こちらも診察時間が取れないことで苦しんでいる初めての患者さんを断ることは意に反する。 しかし断らなければ診療が滞り、待っている患者さんを更に長時間待たせるということになりかねない。 新患の診察には最低1時間は取ってゆっくりと相対することもあり、 その間は再来はストップするが、患者さんたちは大人しくじっと待っている方が多い。 しかも1~2時間待たされてようやく診察室へ入ってきた患者さんから 「今の方は初めての方ですか? 大変でしたね。お疲れ様です。」と逆に労われる。 このような心根の優しい人達だからこそ他人や周囲に気を回し過ぎて、患者さんになるのかもしれない。
ここ10数年ほどの間に、色々な啓蒙活動やTV広告から精神科や心療内科への敷居が低くなったことも有り、 精神科、心療内科のクリニックを受診する患者さんが増加している。 一方、精神科、心療内科のクリニックの開業も多くなったことは統計上でも示されている。 しかし精神科、心療内科クリニックの多くが患者さんで一杯になっているうえに、 最近は予約制にしているクリニックが増えてきており、当日の初診受付が出来なくなっている面もある。

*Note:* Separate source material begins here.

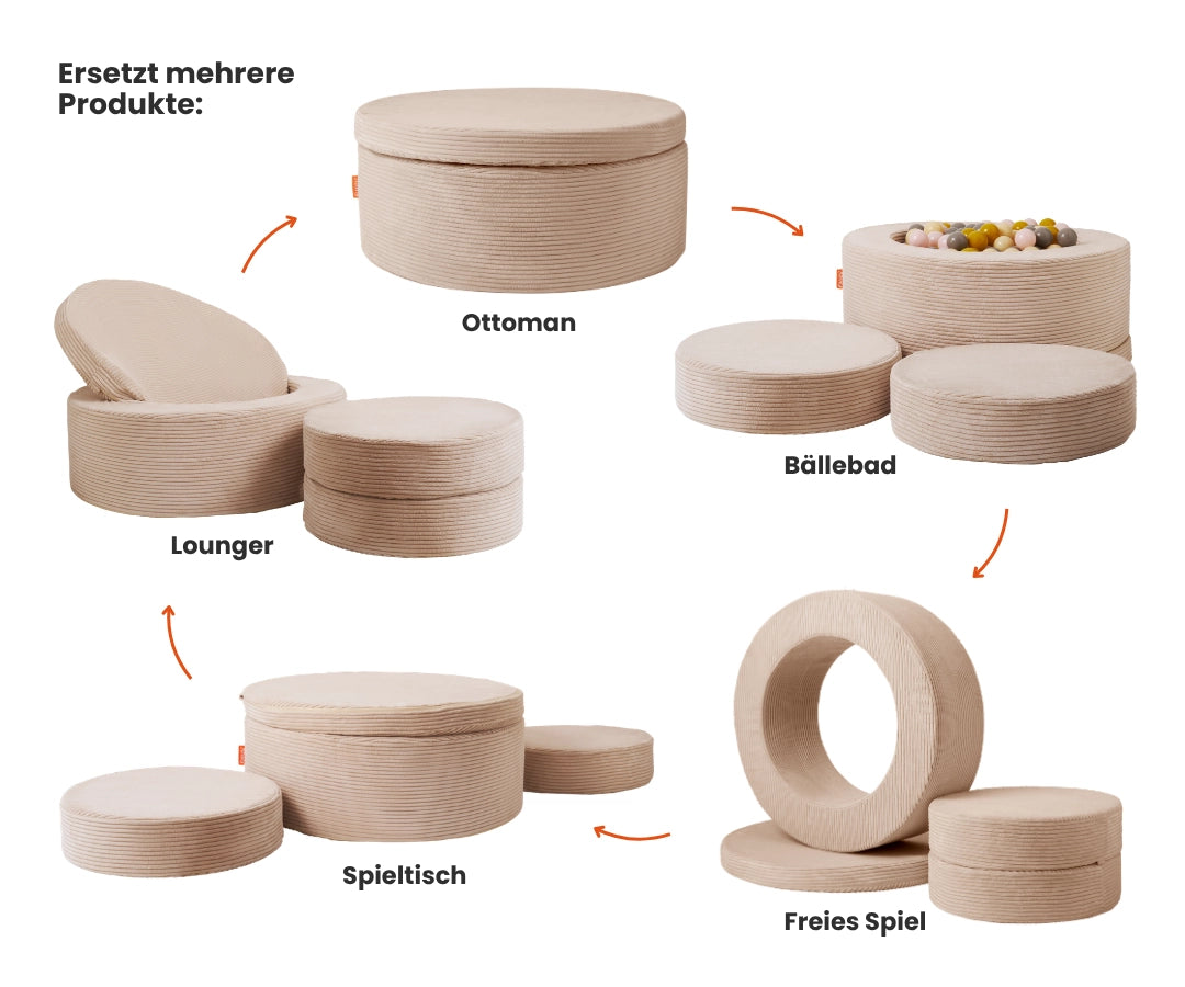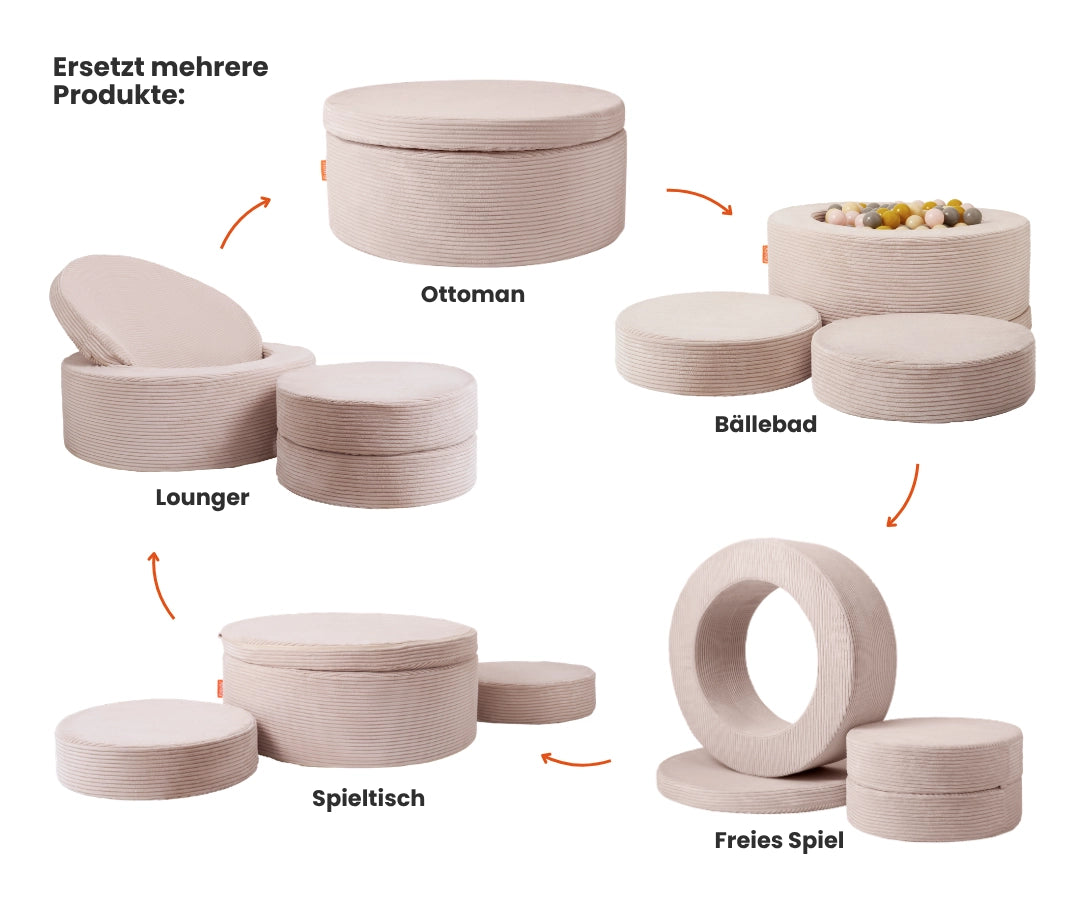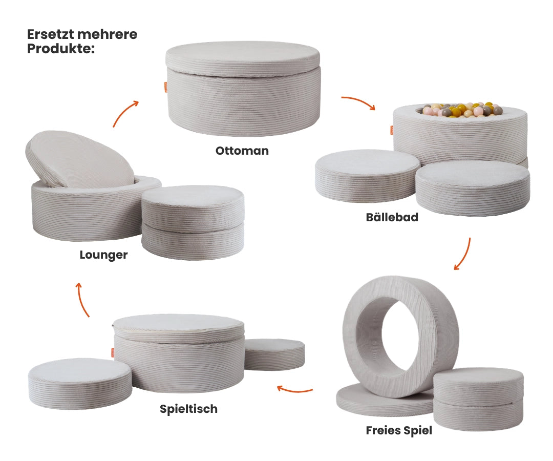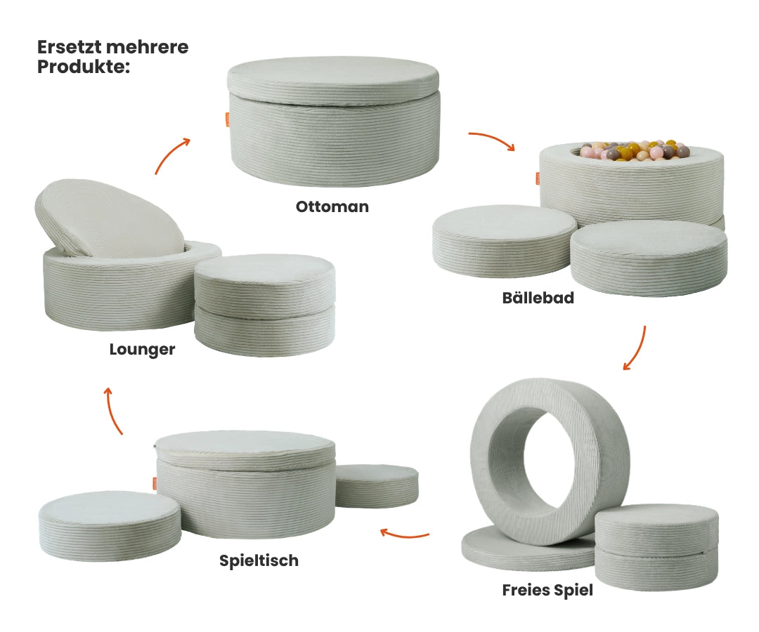 Bällebad, Balancierring, Hüpfzone, Höhle, Podest, Tisch, Chill-Lounger oder Add-on für das Spielsofa. Der Donut ersetzt viele einzelne Spielsachen und fühlt sich trotzdem nie gleich an.

現実、予約制でないクリニックでは患者さんが待合室から溢れ出し、 玄関の外で待っていたり、4~5時間待ってようやく診察を受けられたとか、 診察が終わったのが夜の11時を回っていたなどの話を聞く。 患者さんが納得行くまで話を聞いているので、一人当たりの診察時間が長くなる。 新患が入ればさらに時間がかかり、そのため積もり積もって4~5時間待ちという結果になる。 待っている患者さんも大変であるが、クリニックの医師も大変であろうし、陰で支えるスタッフは更に大変であろうと頭が下がる。
これらのことを考えると、予約制が良いのか、予約制でないほうが良いのか一概には言えず、 予約時間に来院した患者さんを待たせることなく診察するか、 苦しがっている初めての患者さんを受けるかのジレンマに陥り、色々考えつつ解決法が見つからないまま「次の方、 どうぞ…」と声をかけ、日常の診察が続いていく。

春とは名ばかりで、外は雪であった。